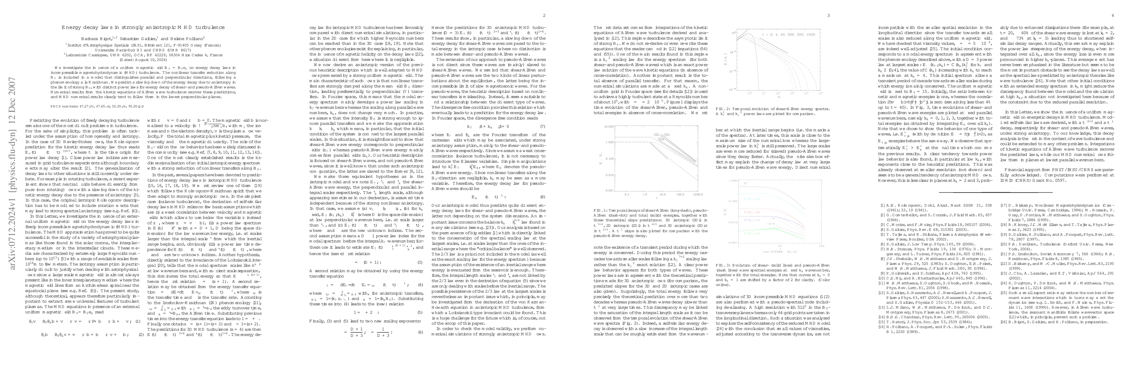 This paper examines how a strong uniform magnetic field influences energy decay in anisotropic magnetohydrodynamic (MHD) turbulence, predicting slower decay and distinct power laws for shear- and pseudo-Alfv\'en waves. Numerical simulations support these predictions, showing alignment with the theoretical model in low perpendicular planes.
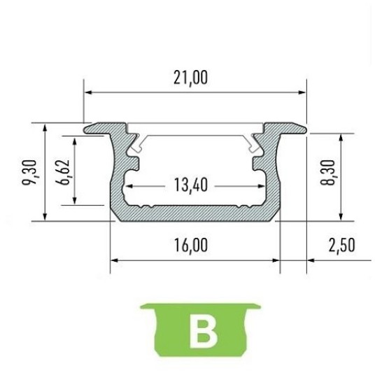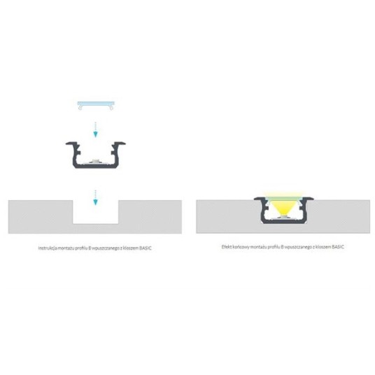 Profil aluminiowy B LUMINES do wpuszczania w wyfrezowane na powierzchni otwory. Jeden z najbardziej minimalistycznych i nowoczesnych projektów. Idealny do montażu wewnątrz wyfrezowanego otworu. Minimalna wymagana głębokość otworu to zaledwie 9 mm.
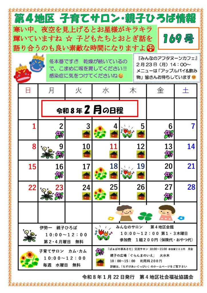 【第4地区】2月子育てサロン・親子ひろば情報
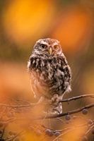 De Steenuil zo klein en schattig kunnen fotograferen in herfst sferen door te spelen met bladeren.
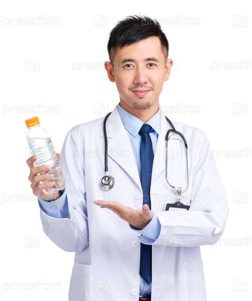 Азиатский врач с бутылкой воды
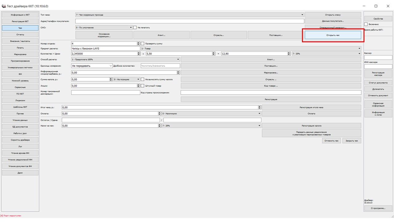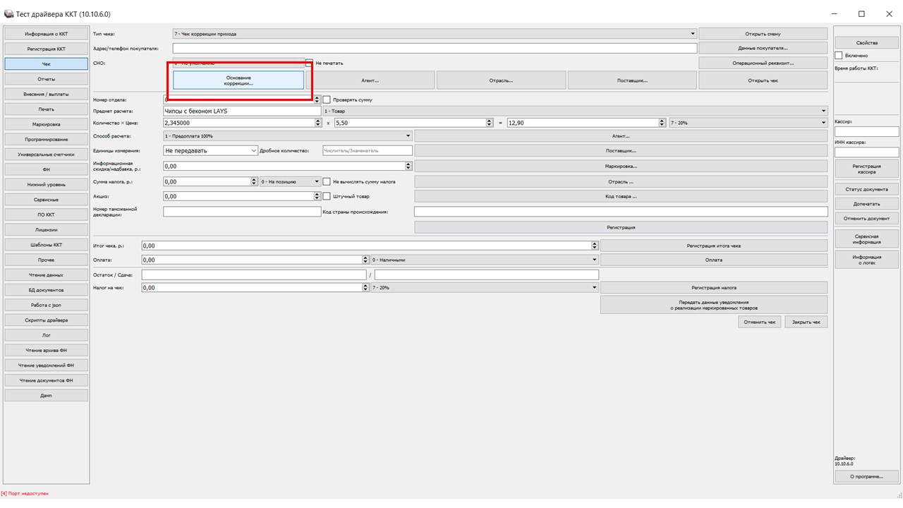 Теперь можно сформировать чек коррекции на ККТ. Рассмотрим процесс подробно на примере кассы АТОЛ 35Ф:
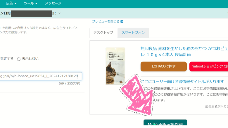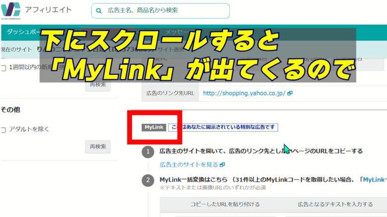 右側に広告素材が出てくるのでしたにスクロールして「MyLinkまでいきます
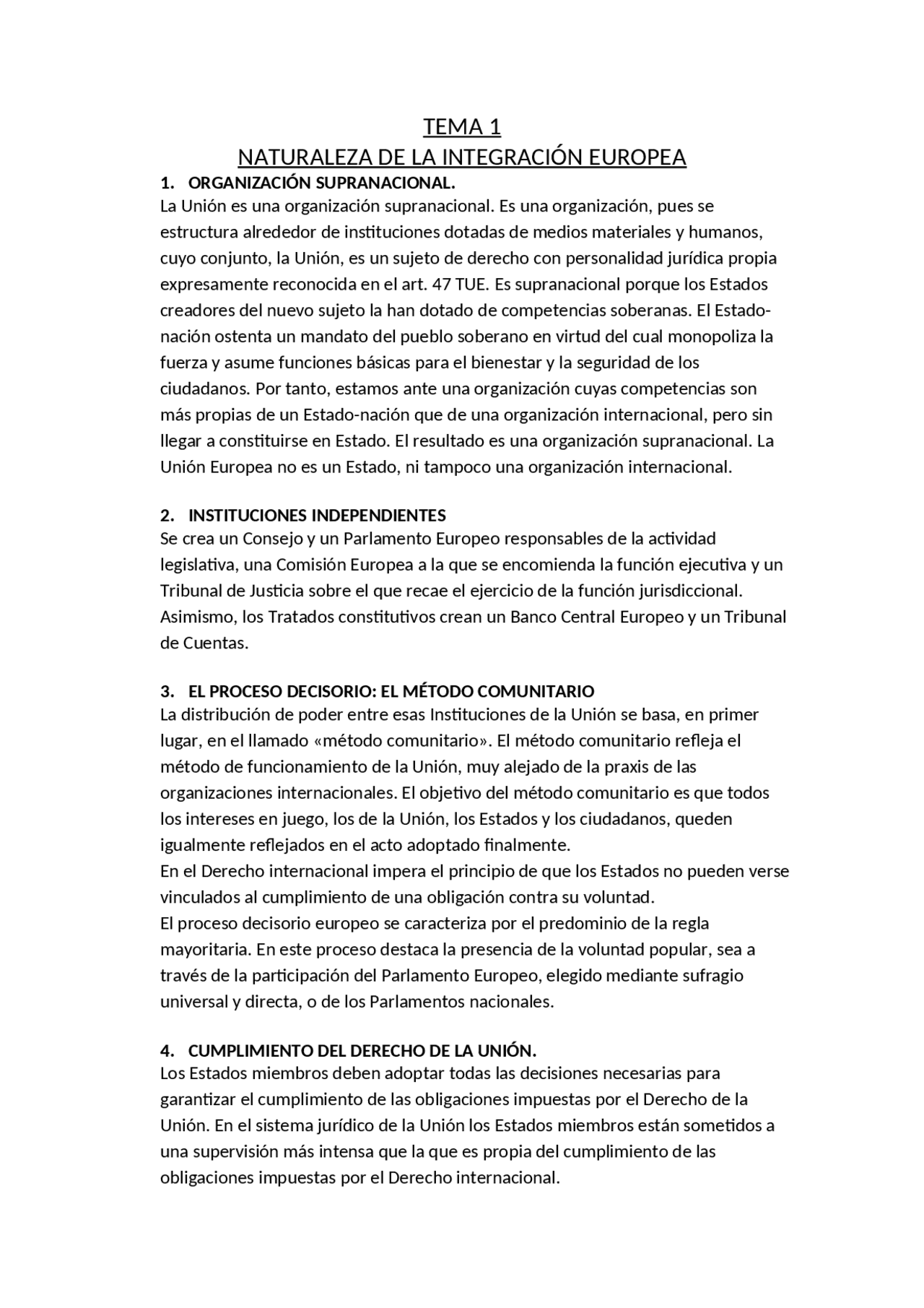 Apuntes tema 3 derecho de la union europea Resúmenes de Derecho de la Unión Europea Docsity

__WHAT IS NEEDED__. When the line containing "Азиатский врач с бутылкой воды" has been located, retype it and each line after it through the end of the records, excluding the pictures and adding nothing else.

__ANSWER BOX__.
 Азиатский врач с бутылкой воды
 Теперь можно сформировать чек коррекции на ККТ. Рассмотрим процесс подробно на примере кассы АТОЛ 35Ф:
 右側に広告素材が出てくるのでしたにスクロールして「MyLinkまでいきます
 Apuntes tema 3 derecho de la union europea Resúmenes de Derecho de la Unión Europea Docsity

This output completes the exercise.